[Stored dataset items]
───

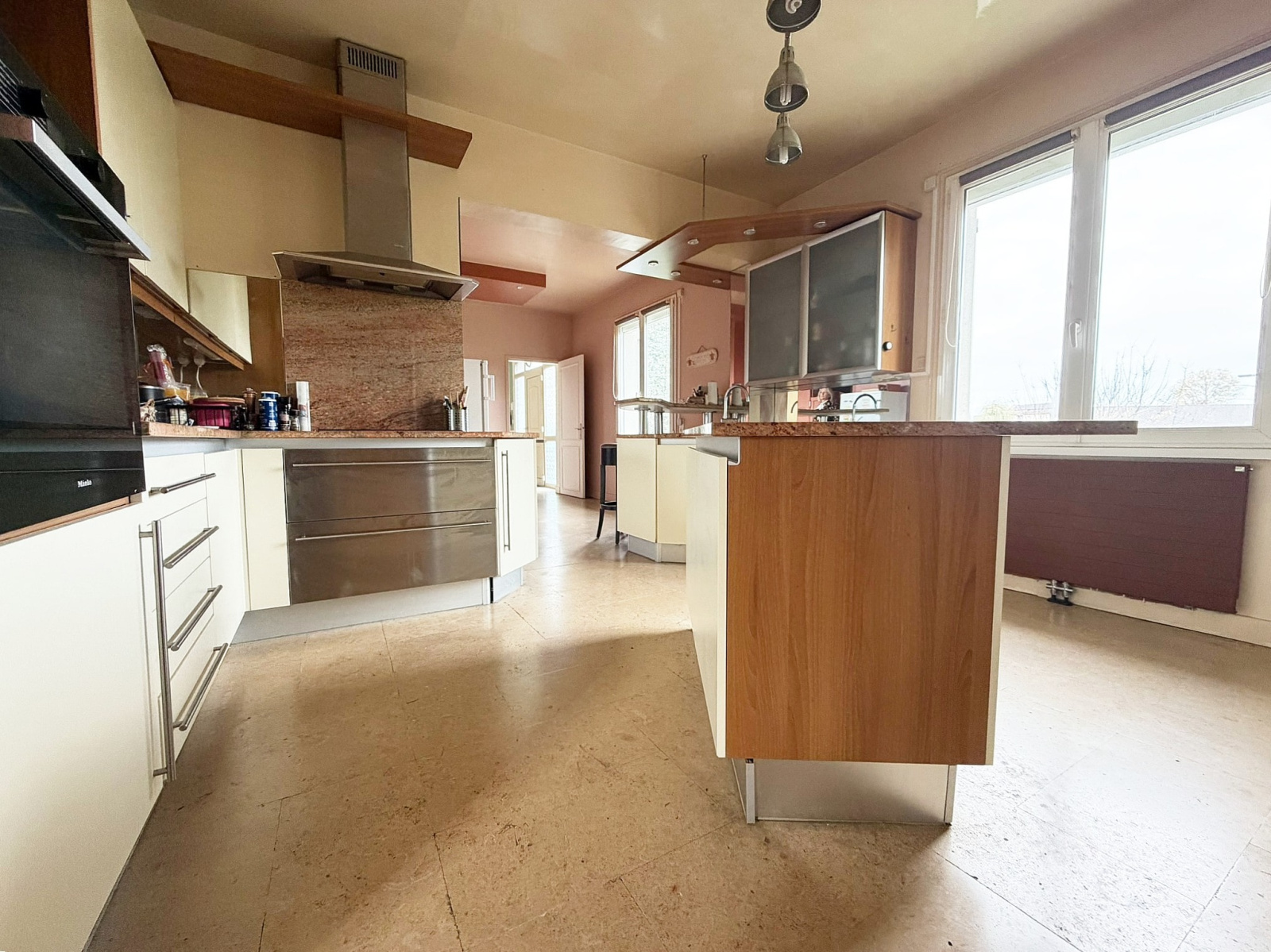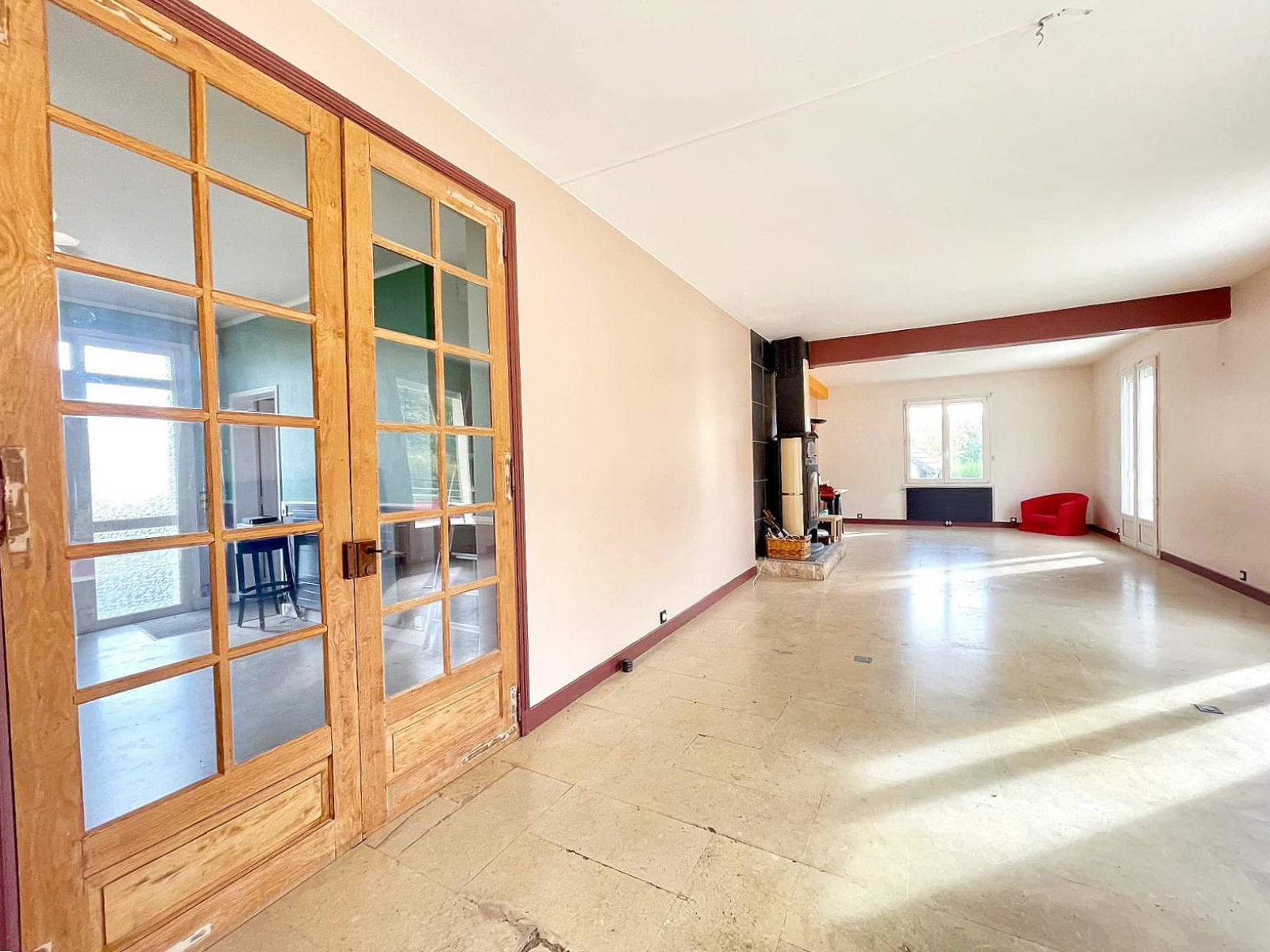 • Elle se compose d'une belle entrée généreuse avec placard, un grand salon séjour lumineux de plus de 50 m² avec poêle à bois et un accès direct sur sa superbe terrasse de 80 m² donnant sur les espaces verts.
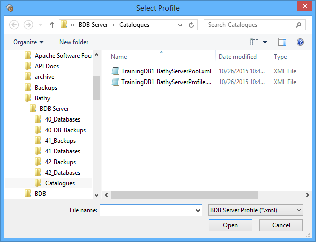 A database’s catalogue is initially determined by the Pool and Profile properties defined when the database is created. If these properties are not defined, the "BathyObjectPool" and "BathyObjectProfile" environment variables are used by default.
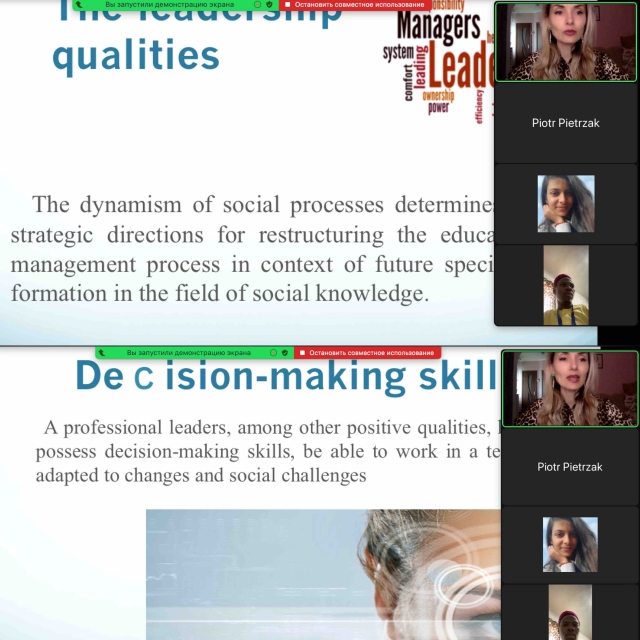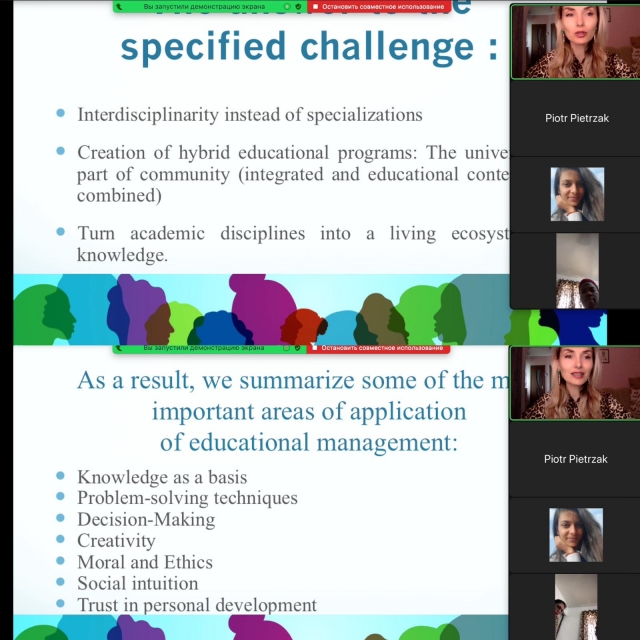 Дар’я Миколаївна у доповіді щодо питань освітнього менеджменту зазначила, що серед пріоритетних завдань, визначених тенденціями міжнародної інтеграції, представлені актуальні питання оновлення змісту професійної підготовки, реструктуризації освіти, трансформації гуманітарної освіти, впровадження інноваційних технологій підготовки конкурентоспроможних фахівців. В умовах даної інеграції для України видається необхідним вивчення передового світового досвіду. Входження в світову спільноту модернізації міжнародного порядку в контексті визначених пріоритетів майбутнього світоустрою вимагає від вищої освіти поетапно реалізовувати складові наявної мегасистеми цілісного освітнього простору, де прикметною ознакою її змісту є розбудова професійної підготовки фахівців на компетентнісно-орієнтованій основі в умовах впровадження новітніх форм навчання.
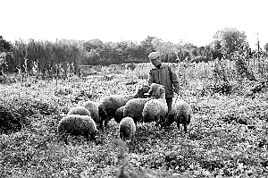 1986年圓明園北遠山村住戶在放羊。
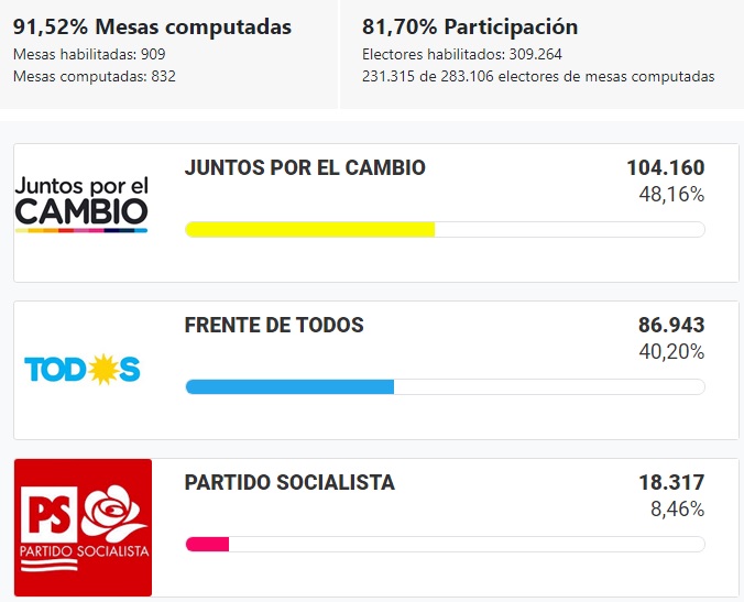 Para la senaduría, el oficialismo provincial sumó 88.479, mientras que Cambiemos tiene 104.215.

───

Print every entry exactly as written, without the pictures.

 • Elle se compose d'une belle entrée généreuse avec placard, un grand salon séjour lumineux de plus de 50 m² avec poêle à bois et un accès direct sur sa superbe terrasse de 80 m² donnant sur les espaces verts.
 A database’s catalogue is initially determined by the Pool and Profile properties defined when the database is created. If these properties are not defined, the "BathyObjectPool" and "BathyObjectProfile" environment variables are used by default.
 Дар’я Миколаївна у доповіді щодо питань освітнього менеджменту зазначила, що серед пріоритетних завдань, визначених тенденціями міжнародної інтеграції, представлені актуальні питання оновлення змісту професійної підготовки, реструктуризації освіти, трансформації гуманітарної освіти, впровадження інноваційних технологій підготовки конкурентоспроможних фахівців. В умовах даної інеграції для України видається необхідним вивчення передового світового досвіду. Входження в світову спільноту модернізації міжнародного порядку в контексті визначених пріоритетів майбутнього світоустрою вимагає від вищої освіти поетапно реалізовувати складові наявної мегасистеми цілісного освітнього простору, де прикметною ознакою її змісту є розбудова професійної підготовки фахівців на компетентнісно-орієнтованій основі в умовах впровадження новітніх форм навчання.
 1986年圓明園北遠山村住戶在放羊。
 Para la senaduría, el oficialismo provincial sumó 88.479, mientras que Cambiemos tiene 104.215.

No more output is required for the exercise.